- [BRIEF]:
Exactly the lines from the one containing "Ночью в горах" through the one containing "平日里魁梧的庄稼汉,在浓艳的" in the listing below are to be copied, with the pictures left out.

::: RECORDS SUPPLIED :::

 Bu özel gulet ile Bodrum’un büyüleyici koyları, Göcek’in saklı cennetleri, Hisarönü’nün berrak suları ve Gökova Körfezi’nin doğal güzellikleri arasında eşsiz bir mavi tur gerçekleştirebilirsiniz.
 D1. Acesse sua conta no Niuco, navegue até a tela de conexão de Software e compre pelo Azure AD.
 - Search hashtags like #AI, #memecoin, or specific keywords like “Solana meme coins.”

:::
::: RECORDS SUPPLIED :::

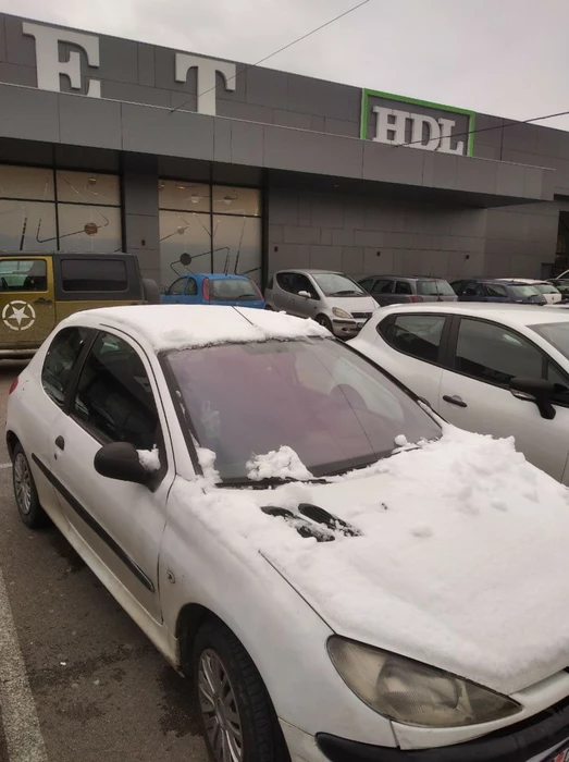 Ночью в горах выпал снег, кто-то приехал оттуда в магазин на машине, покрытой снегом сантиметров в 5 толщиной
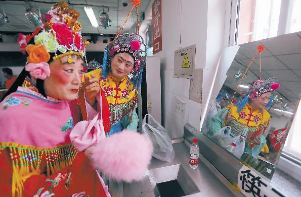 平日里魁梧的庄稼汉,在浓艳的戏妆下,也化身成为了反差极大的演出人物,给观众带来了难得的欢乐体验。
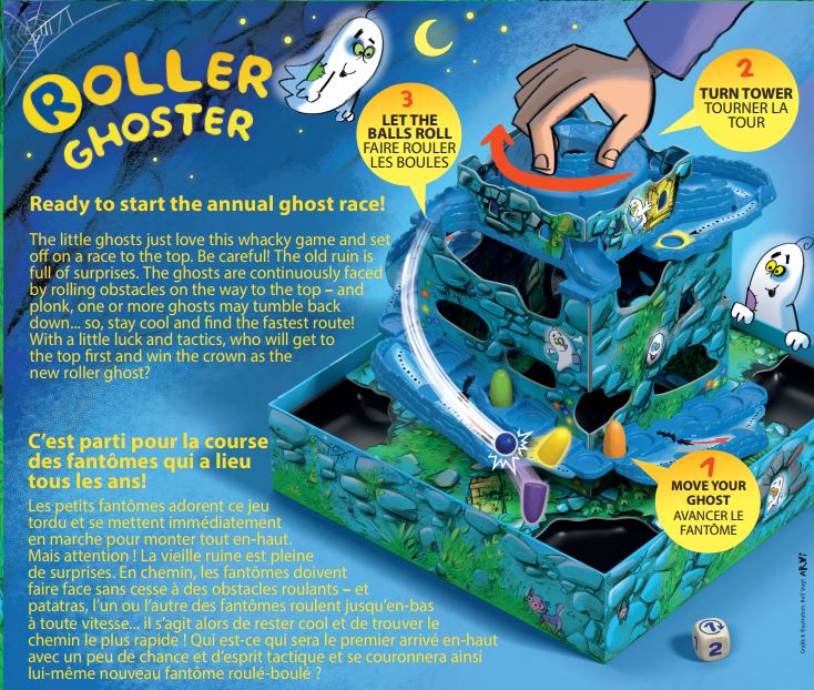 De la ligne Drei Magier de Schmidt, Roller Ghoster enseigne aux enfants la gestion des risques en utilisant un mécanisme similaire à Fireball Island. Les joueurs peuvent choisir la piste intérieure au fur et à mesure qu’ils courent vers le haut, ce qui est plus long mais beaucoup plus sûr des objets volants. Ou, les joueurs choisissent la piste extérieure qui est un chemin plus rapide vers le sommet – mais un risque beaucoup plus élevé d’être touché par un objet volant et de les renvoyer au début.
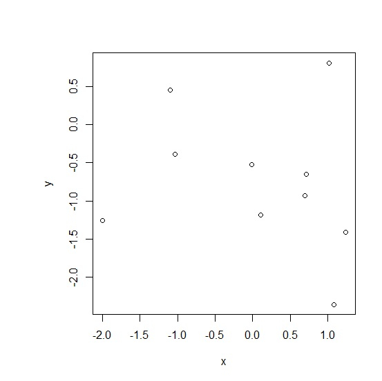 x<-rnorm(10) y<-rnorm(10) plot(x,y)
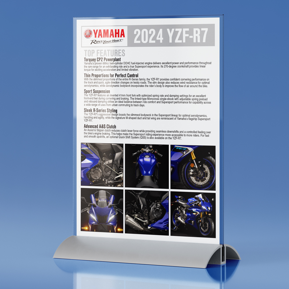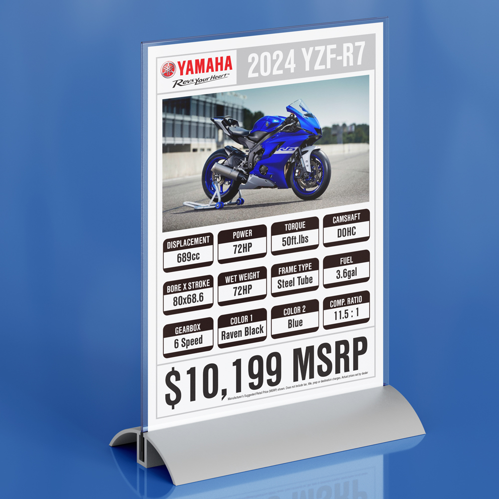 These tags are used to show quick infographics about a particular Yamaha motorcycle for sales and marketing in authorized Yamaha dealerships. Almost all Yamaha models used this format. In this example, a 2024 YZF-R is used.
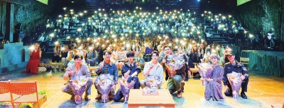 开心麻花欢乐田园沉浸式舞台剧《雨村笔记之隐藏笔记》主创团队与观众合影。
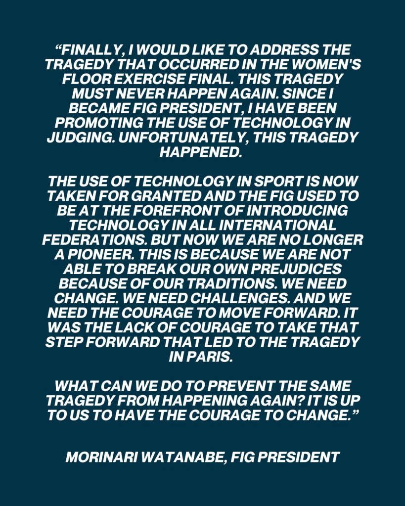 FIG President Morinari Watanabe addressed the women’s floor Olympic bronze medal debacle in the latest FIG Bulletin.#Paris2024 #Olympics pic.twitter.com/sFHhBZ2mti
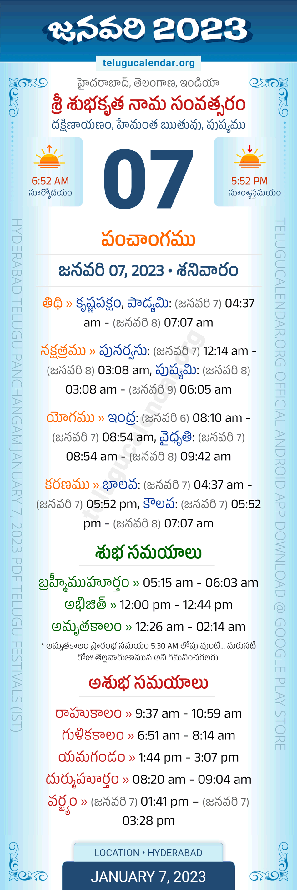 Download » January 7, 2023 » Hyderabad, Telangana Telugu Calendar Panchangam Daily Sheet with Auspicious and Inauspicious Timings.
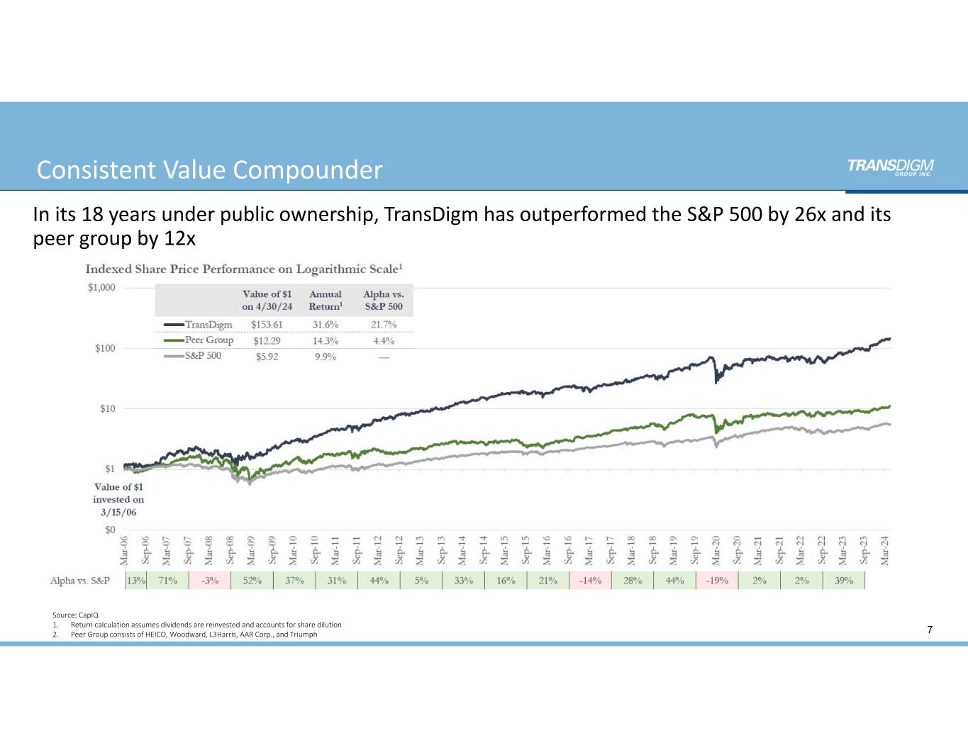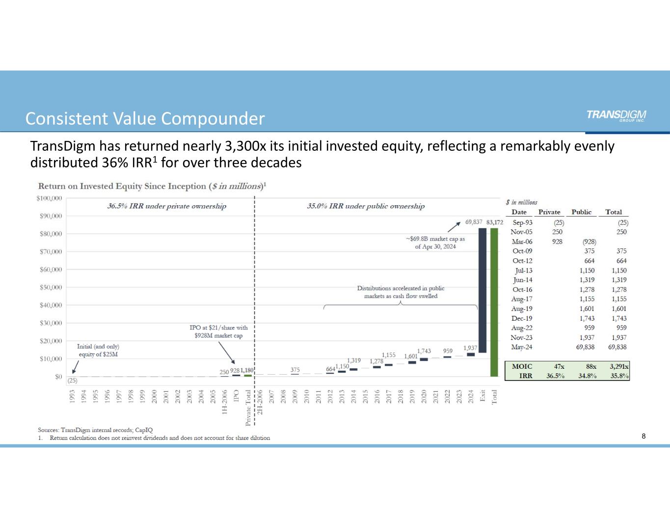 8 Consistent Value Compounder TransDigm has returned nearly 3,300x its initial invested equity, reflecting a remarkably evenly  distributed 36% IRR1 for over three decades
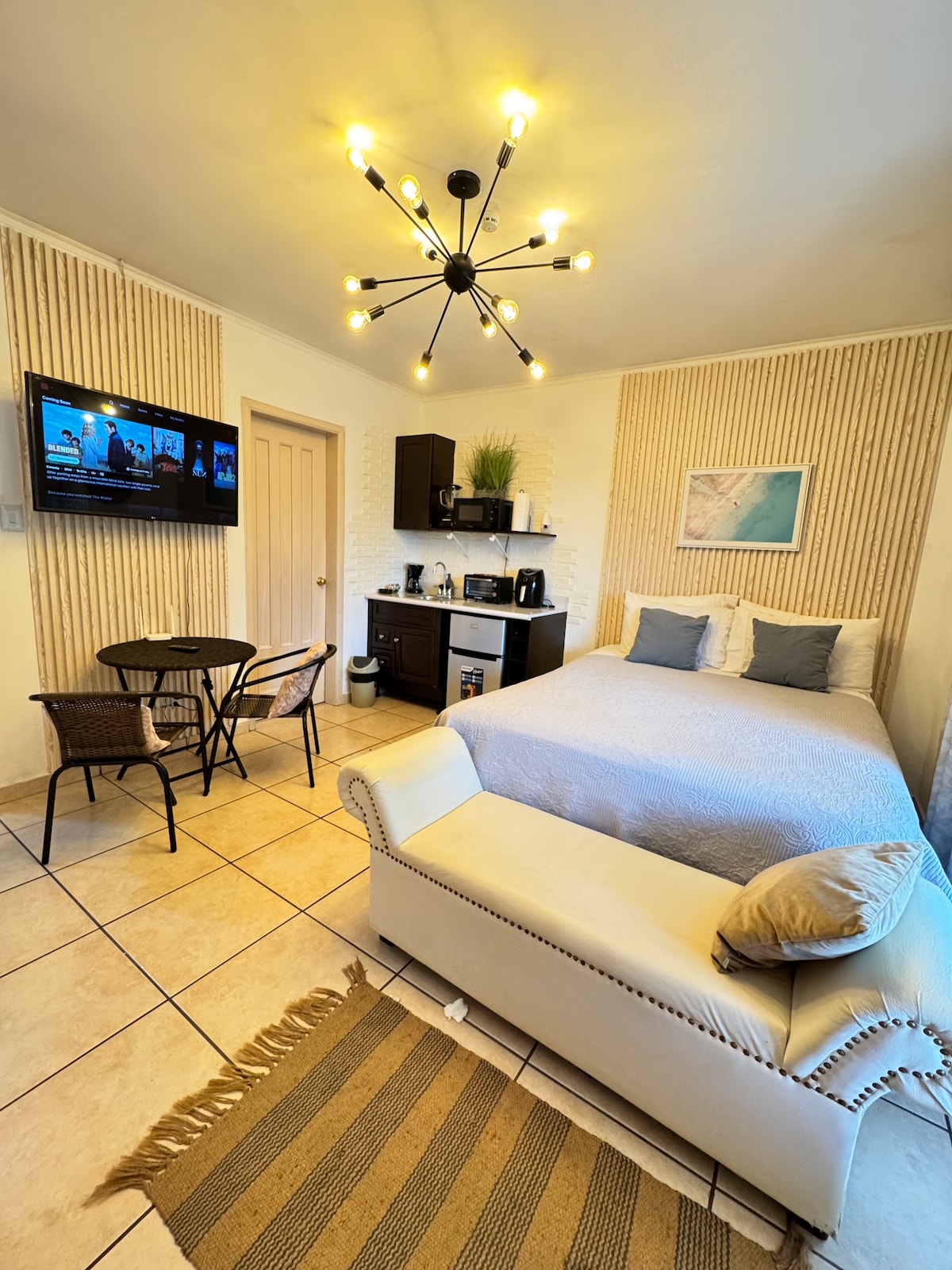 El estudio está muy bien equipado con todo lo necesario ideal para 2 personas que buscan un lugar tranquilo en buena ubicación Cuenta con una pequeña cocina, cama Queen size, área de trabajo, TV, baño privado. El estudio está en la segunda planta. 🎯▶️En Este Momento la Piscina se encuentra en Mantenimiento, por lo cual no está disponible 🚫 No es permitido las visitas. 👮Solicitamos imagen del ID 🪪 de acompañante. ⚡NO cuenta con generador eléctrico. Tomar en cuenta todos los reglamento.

:::

- [ANSWER FOR THIS EXERCISE]:
 Ночью в горах выпал снег, кто-то приехал оттуда в магазин на машине, покрытой снегом сантиметров в 5 толщиной
 平日里魁梧的庄稼汉,在浓艳的戏妆下,也化身成为了反差极大的演出人物,给观众带来了难得的欢乐体验。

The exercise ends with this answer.